Plus, if this thread does not fall under the "comparative cultures and religions" topic, I don't know one that does.I didn't do it to end up discussing IP, however, just to reference the comparison.
Most people interested in IP seem to avoid the idea that it is comparable to India/Pakistan (or don't even know or realize it,) that one couldn't learn anything from studying what happened with Pakistan and apply some of those things to IP. I think too many treat IP as if is such a very special problem, that it's like nothing else that ever happened in the world. I think they are highly comparable.
I brought it up, the India/Pakistan "2-state solution," on I-P threads at TPMCafe, and did a couple of posts bringing it up, too with lively discussions Not interested in revisiting it, more interested in Genghis' bigger topic.
by artappraiser on Sun, 09/16/2012 - 5:21am
I have no idea why what I wrote upset you so, but I'm sorry that I did.
by AmericanDreamer on Sun, 09/16/2012 - 9:07am
You know what, Genghis? You're right and I'm wrong.
My apologies.
by Doctor Cleveland on Sat, 09/15/2012 - 10:26am
I'm not so sure you're all wrong. Religious intolerance may not have been as pervasive in the U.S. as it is in places like Pakistan, but racial intolerance certainly has been. I've been putting that aside as a separate issue, but it's not unrelated.
In any case, I appreciate and salute your willingness to acknowledge error, a rare and admirable gesture. No apology necessary.
by Michael Wolraich on Sat, 09/15/2012 - 3:50pm
There are between one billion and 1.5 billion 'Muslims' on this planet and about the same number of 'Christians'.
We have a 'Christian Coalition(s)' in this country who really do not have any love for tens of millions of 'Christians' residing south of our borders--or any immigrants who arrive therefrom.
Arab 'Muslims' have little love for Persian 'Muslims' and vice versa.
Hell, there are tens of thousands of Iraqi 'Muslims' who despise Iraqi 'Muslims'.
Maybe I am a-theistic because I cannot stand to get 'into the fray' as they say!
Bolton and others like him espouse strange philosophies whereby America would not even open up discussions with peoples of different faiths and color all Muslims for instance as instruments of the devil. And Bolton is a chief advisor to the Romney campaign!
We are six months from the Arab Spring and now we are in the midst of an Arab Fall.
Cable news just keeps expanding their maps in order to include more and more centers of discordance.
I can see where libertarians like Ron Paul would simply pull all our embassies and all of our troops out of the Mideast and North Africa; cut all aid to the countries in these areas and hide our collective heads in the sand.
People like Bolton & McCain & Lindsey would just send in more troops.
How many wars has McCain championed over the last decade?
I was not even going to respond to this post because the number of life and death issues are mind boggling.
So I try to accept the fact that there are a billion and more Muslims on this planet and the same number of Christians.

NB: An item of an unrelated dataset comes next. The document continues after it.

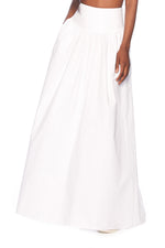 warm weather chic in our poplin drop waist skirt. this airy drop skirt with crisp cotton poplin is a summer must have. its elastic back panel and hidden zipper make it breathable and a summer must-have. style it with our matching poplin string top and a chunky jewelry to make it a statement!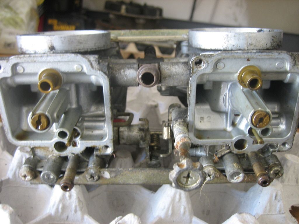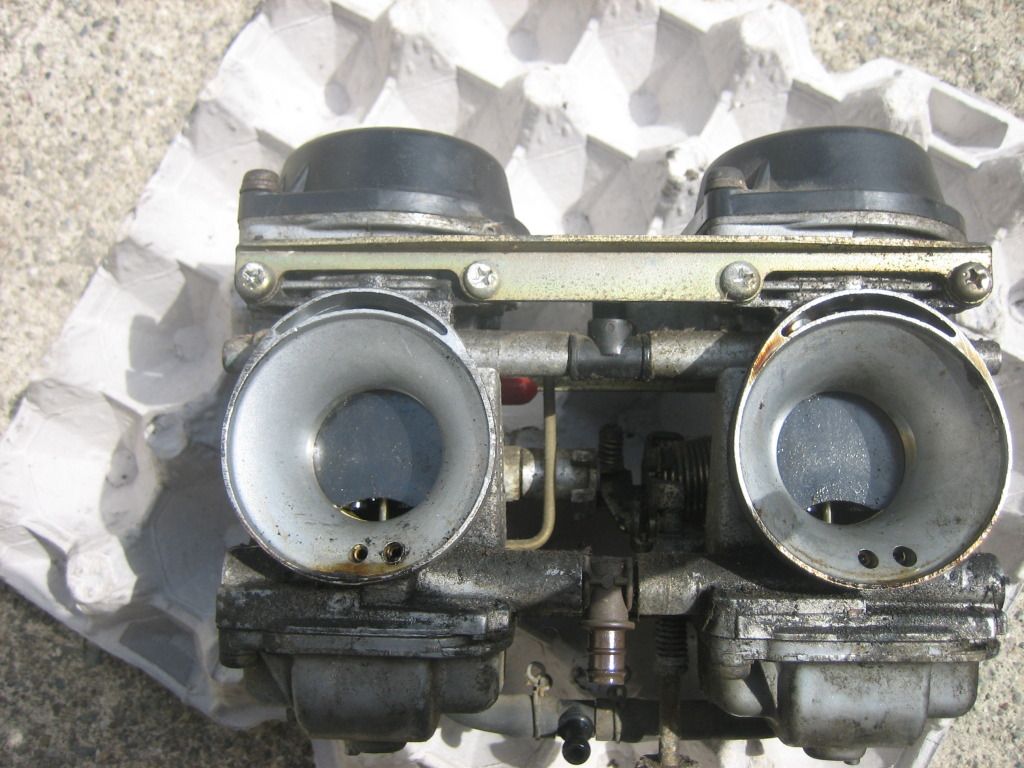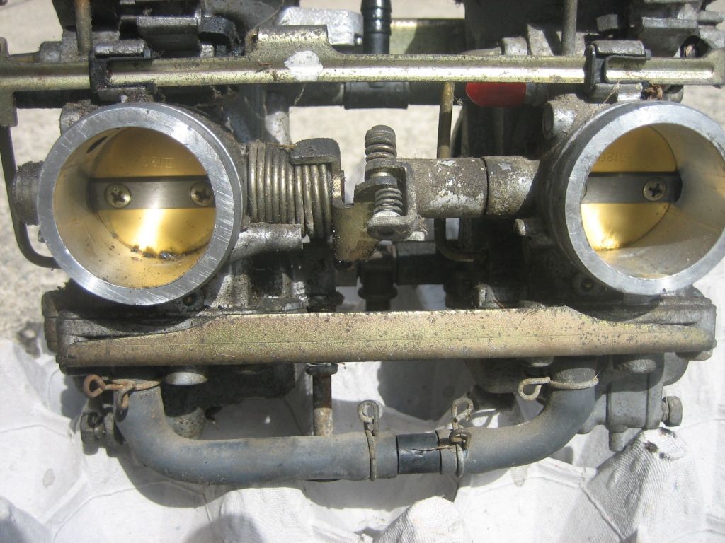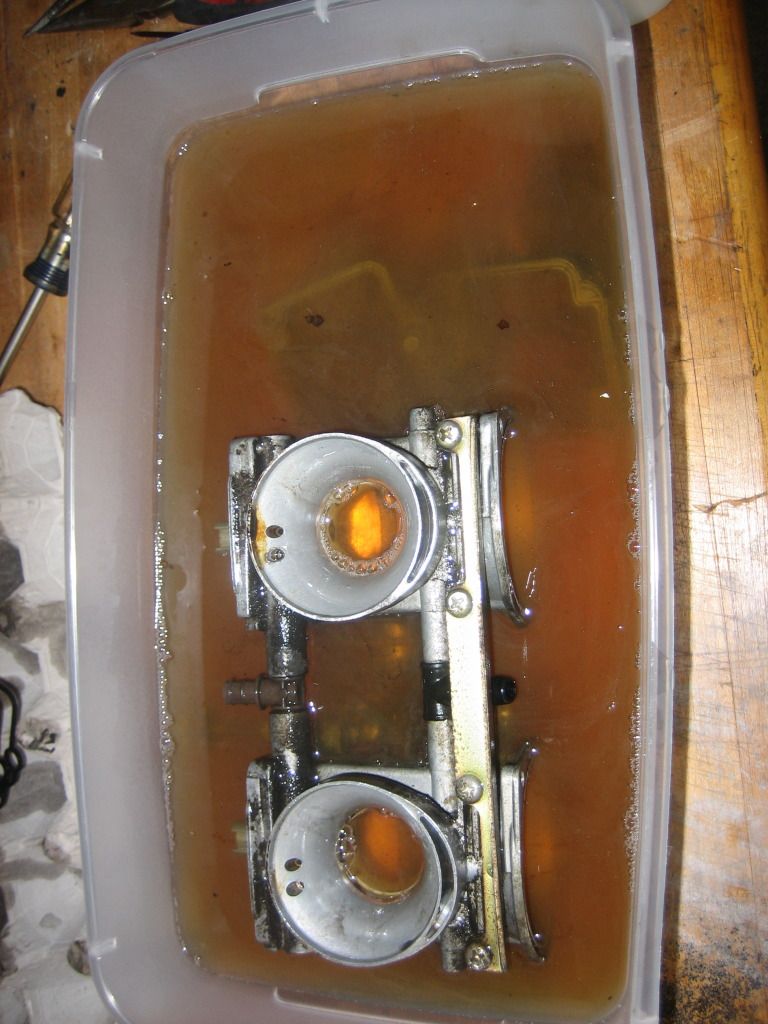 Also there is still some oxidation left of the carb bodies, but i did not expect the solution to do much for that.  Im pretty happy with the way they turned out, only thing I wish I had was a basket.  Fishing out all the little jets and bolts was a little time consuming and hoping I did not loose anything.

Muslims appear (at this time anyway) to enjoy killing each other more than Christians and these Muslims will punish any party that gets in the way of their blood letting.
Idiots in the Bush Administration maintained that 'democracy' would be the tool that would bring peace and sanity to these countries.
Well democracy appears to be the catalyst for even more blood letting.
I do know this.
We do not have the funds or the available troops to police the entire world.
And any neocon who says otherwise is a goddamn liar.
by Richard Day on Thu, 09/13/2012 - 5:04pm
One facet to keep in mind. Benghazi has a population of 650,000+ and Cairo a population of 9,100,000+. When one considers the size of the protest crowds, those who are exhibiting the current wave of violent protests make up a miniscule percentage of the population, and so one has to ask to what extent it is reflective of the culture of the larger society.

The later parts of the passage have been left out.